Beyond the practical implications of our results-namely, that researchers should be very careful to avoid potential bias when testing infants’ hand preference-knowing how infants are influenced by the hand used by the adults they watch may have pedagogical and theoretical implications. From a pedagogical point of view, it is important to know how young infants are influenced by what they see in front of them, from the other’s perspective. It has been shown that when observing a new tool use skill, 18-month-old infants learn a great deal just by observing adults performing the skill, more than by spontaneously manipulating the tool themselves or even by being given an explicit demonstration [22]. In that study, the adult used the tool in front of the infants without any comment. Quite often, infants see adults do things around them from the opposite perspective. Interestingly, when teaching children a very complex new skill such as tying their shoelaces or knitting, adults tend to adopt the child’s perspective. By showing them how to perform the action from beside them, they not only induce them to use the same hand, but also create a situation where the anatomical coincides with the spatial: both the teacher’s and the child’s right hand is to the side of their body that is to the right from the child’s point of view.
From a theoretical point of view, understanding to what extent the opposite perspective induces motor resonance in terms of spatial or anatomical mirroring is considered important for questions such as body image, theory of mind, action understanding, etc. This question of perspective and imitation is hotly debated, and it has been studied in various contexts, such as explicit imitation of simple gestures, observational learning of new multi-step actions, implicit resonance effect, etc. [31-34].

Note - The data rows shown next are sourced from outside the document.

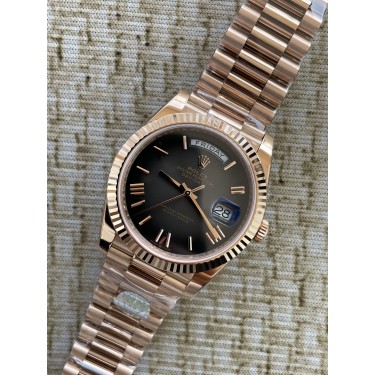 • QP공장 롤렉스 데이데이트40 로즈골드 텅스텐 그레이옴브레로만다이얼
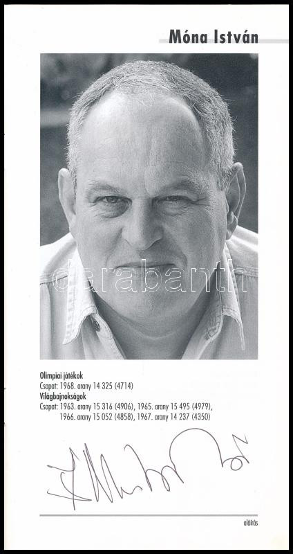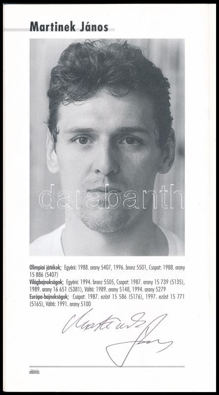 Benne Kovácsi Aladár (1932-2010), Németh Ferenc (1936-), Móna István (1940-2010), Martinek János (1965-) olimpiai bajnokok aláírásaival, valamint Kovácsi Aladár DEDIKÁCIÓjával Kertész Alíz (1935-) olimpiai bajnok tornász, edző részére.
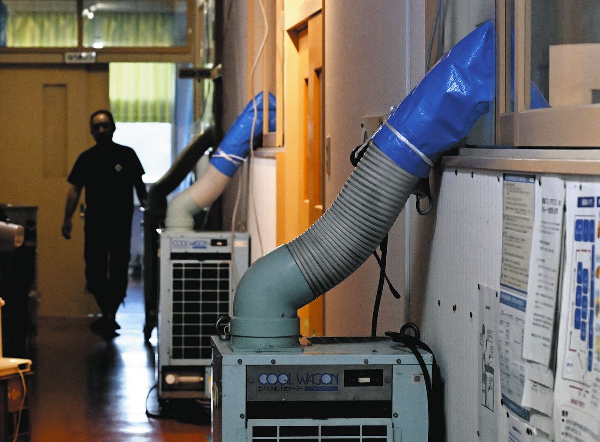 文部科学省の調査では、全国で避難所に指定される小中学校や高校など約3万校のうち、冷房機器があるのは22年12月時点で64.9%だった。ただこの調査では設置場所に教室や会議室も含め、「利用可能な冷房機器を保有している部屋等が一部屋以上あれば、避難所として保有しているものとしている」と見なした。
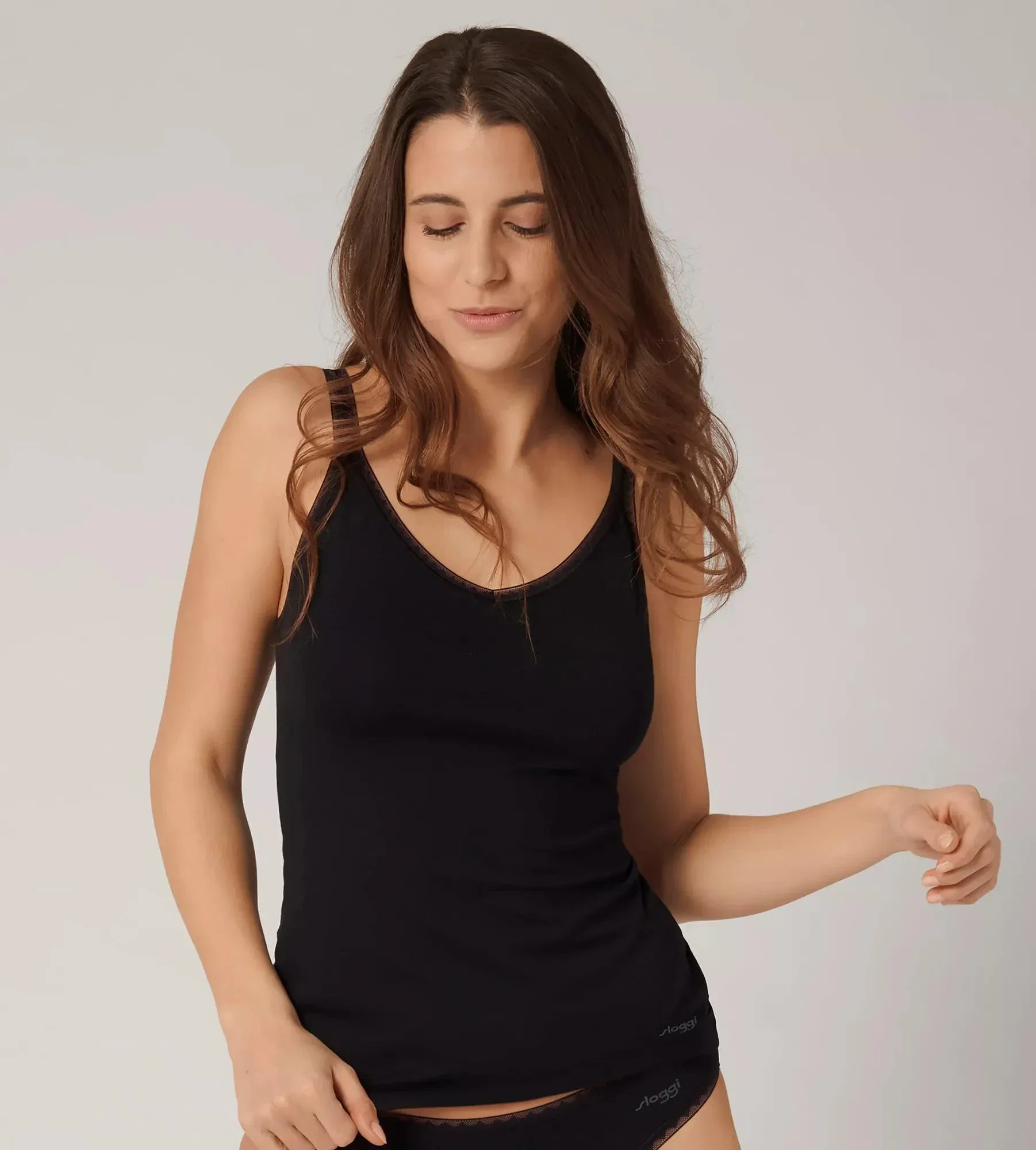 Odolné a měkké tílko sloggi GO se špagetovými ramínky s hlubokým výstřihem do V
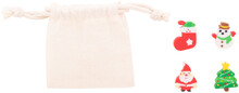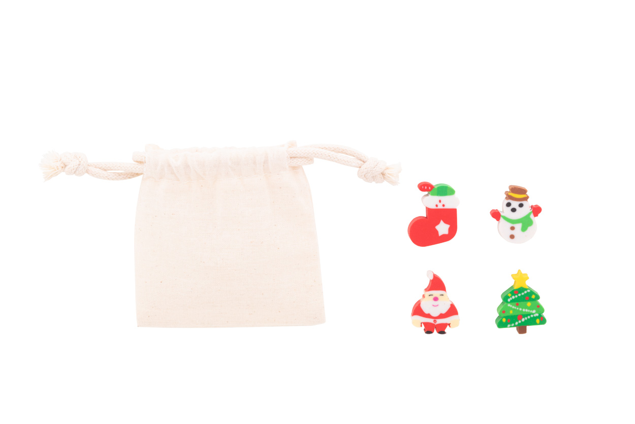 4dílná sada gum ve vánočním designu, v bavlněném pytlíku.
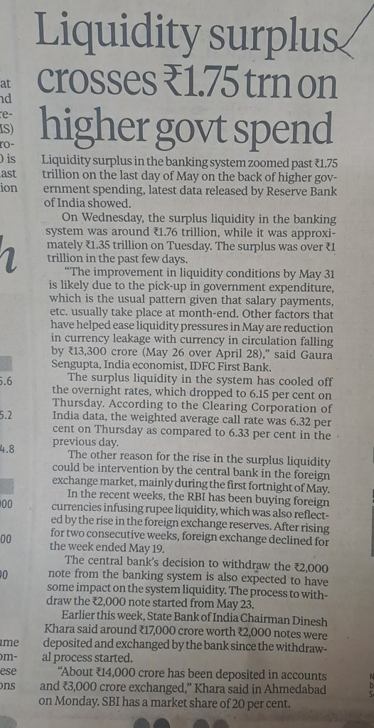 ЁЯЩПPressure on liquidity releases –1.75 lacs crore now –reasons [1] Pick up in Government expenditure [2] 13000 crore on account of 2000 notes deposited–[3] intervention in forex market –Courtesy Business Standard 2.6.23
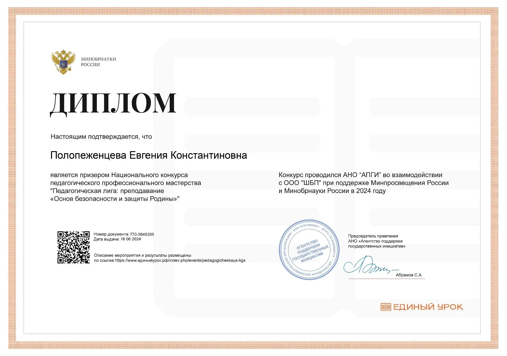 Полопеженцева Евгения Константиновна, педагог-организатор. Призёр Национального конкурса педагогического профессионального мастерства «Педагогическая лига: преподавание «Основы безопасности и защиты Родины». |
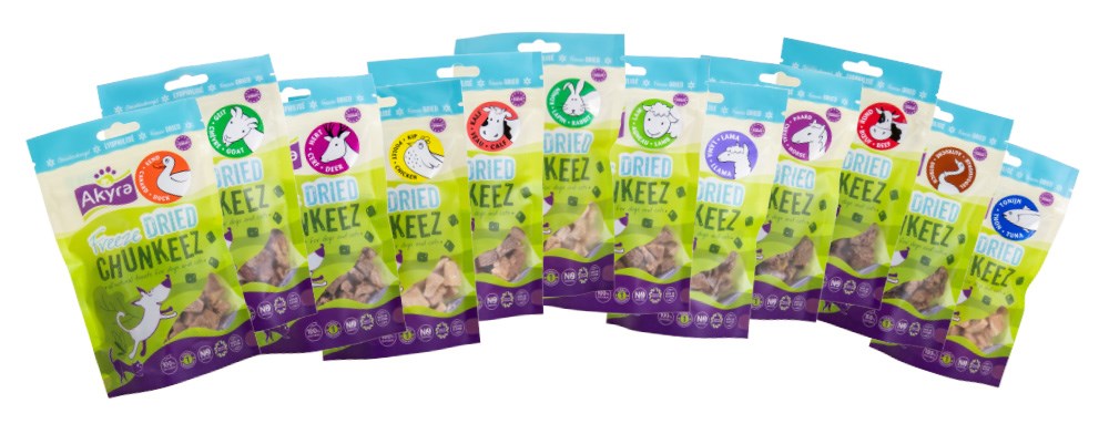 Découvrez la nouvelle gamme lyophilisée d'Akyra ! Naturelle et soigneusement lyophilisée, sans additifs. Pour les vrais carnivores, un régal irrésistible au goût et à l'odeur de viande crue fraîche. Fabriquée en Europe, elle ne contient qu'un seul ingrédient : de la viande issue d'une seule source de protéines. Sans additifs et transformée au minimum.

In conclusion, observing the experimenter writing during the session decreases infants’ expression of right-handedness. Part of the effect may reflect some motor resonance, but attentional factors might be equally important. Further studies with more infants are needed to tease apart the respective influence of the experimenter’s handedness (anatomical vs. spatial motor resonance) and of attentional bias in infants’ hand choice for grasping.
This research was supported by a French National Research Agency (ANR Agence Nationale de la Recherche) grant (number ANR-13-BSH2-0007-01).